Breitensee: Das älteste Kino wird jung
Neue Generation. Wie sich die Breitenseer Lichtspiele neu erfinden.
Wien. Für viele im Grätzel war klar: Das war es jetzt endgültig. Seit Monaten waren die Lichter im Penzinger Vorstadtkino aus. Auch, als die Kinos im Mai nach dem Lockdown wieder öffnen durften, blieb es in den Breitenseer Lichtspiele, davor ohnehin vielfach totgesagt, weiter dunkel.
Und als dann plötzlich im Sommer die schmale Eingangstür doch offen stand und innen frisch ausgemalt wurde, war vielen klar: Da kommt jetzt etwas Neues statt dem alten, ja, dem ältesten Kino der Stadt.
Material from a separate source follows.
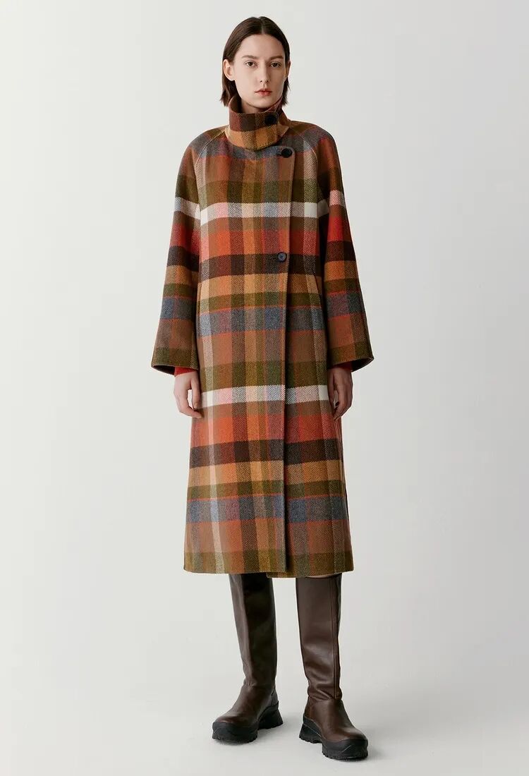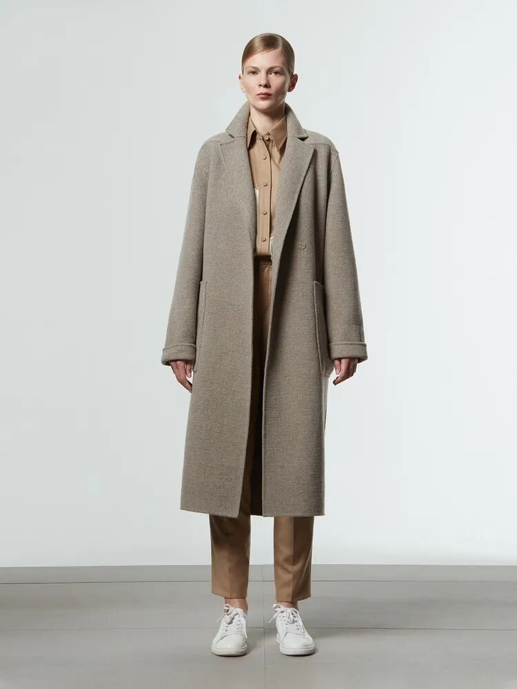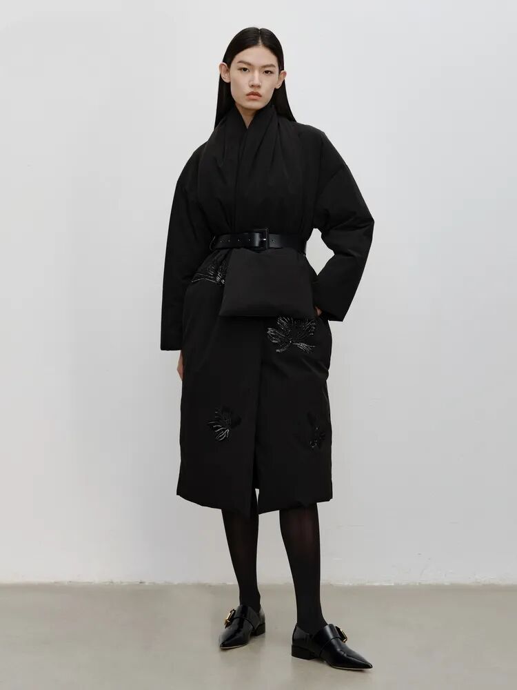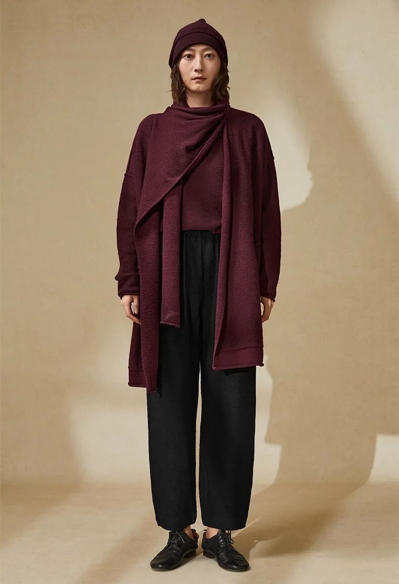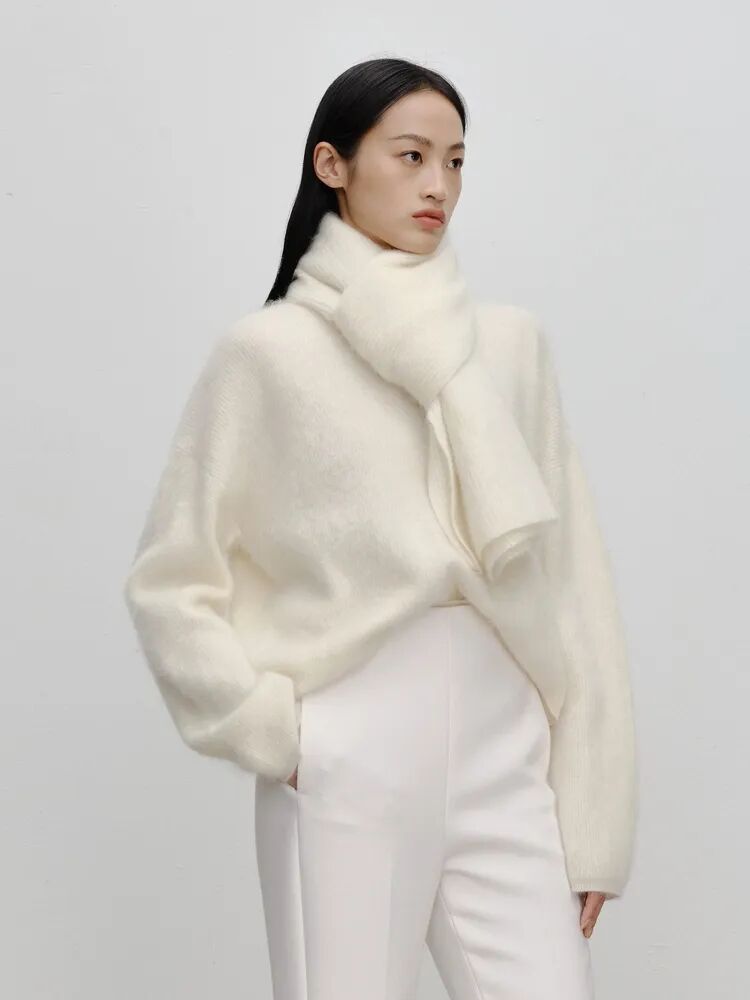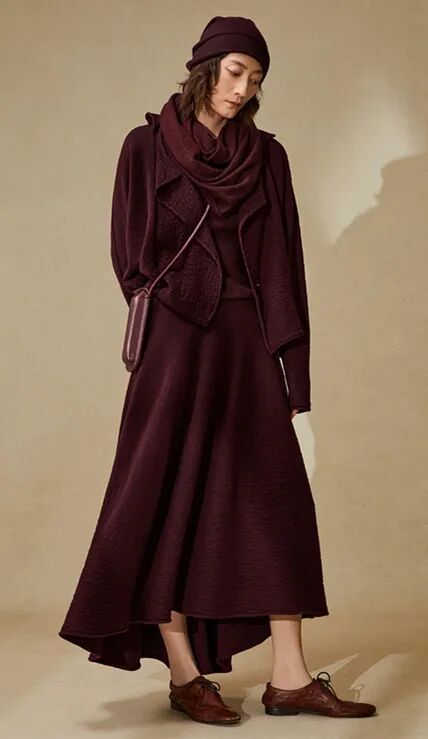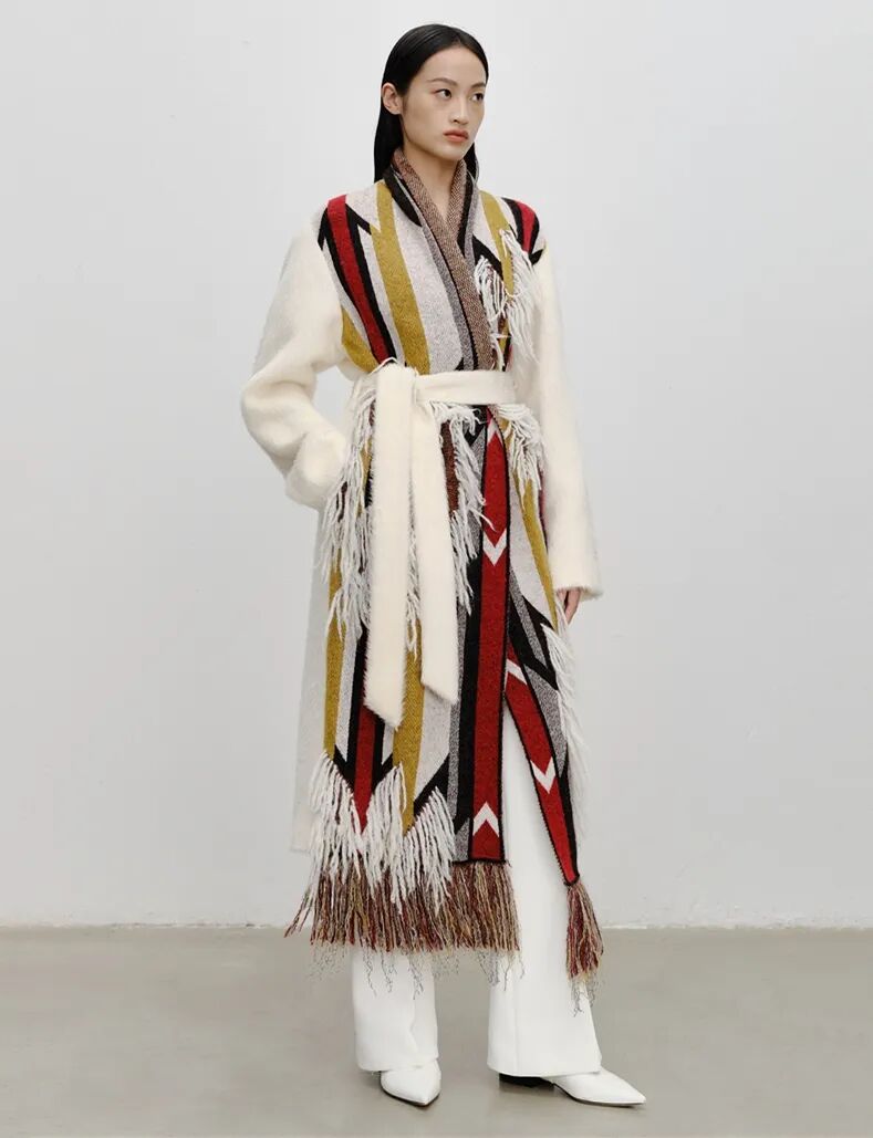 巧妙使用针织织片与梭织面料拼接而成,色彩靓丽、暖意融融。白色苏丽羊驼毛腰带可随心系在腰部,从视觉上拉长下半身的比例,彰显大气,更加突出面料的质感与肌理。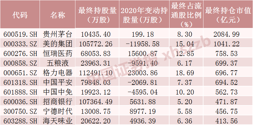 Choice数据显示,截至2020年12月31日,北向资金持仓市值为2.34万亿元,全年增加约9107亿元。减去2020年北向资金加仓的2089.32亿元,全年北向资金的持仓浮盈约7018亿元。年末北向资金持仓市值前十个股中,以消费股为主。

Nun: Nein. Vielmehr haben sich die Breitenseer Lichtspiele über den Sommer verjüngt. Bemerkbar ist das nicht nur am frisch in blau gestrichenen Foyer und dem (endlich) modernen Webauftritt, sondern auch daran, das im schmalen, historischen Kassahäuschen rechts vom Eingang nun die 35-jährige Christina Nitsch-Fitz sitzt: Sie hat sich entschlossen, in den Kinobetrieb ihrer betagten Tante, die das Kino seit 1969 führt, einzusteigen, das alte Vorstadtkino in die Gegenwart zu holen – damit es eine Zukunft hat. „Ich hätte“, sagt Christina Nitsch-Fitz, die eigentlich Kindergartenpädagogin ist, „das Kino natürlich in Schönheit sterben lassen können.“Aber „ich glaube so sehr an diesen Ort. Er ist so einzigartig und es ist jetzt Zeit, das auch nach außen zu zeigen“.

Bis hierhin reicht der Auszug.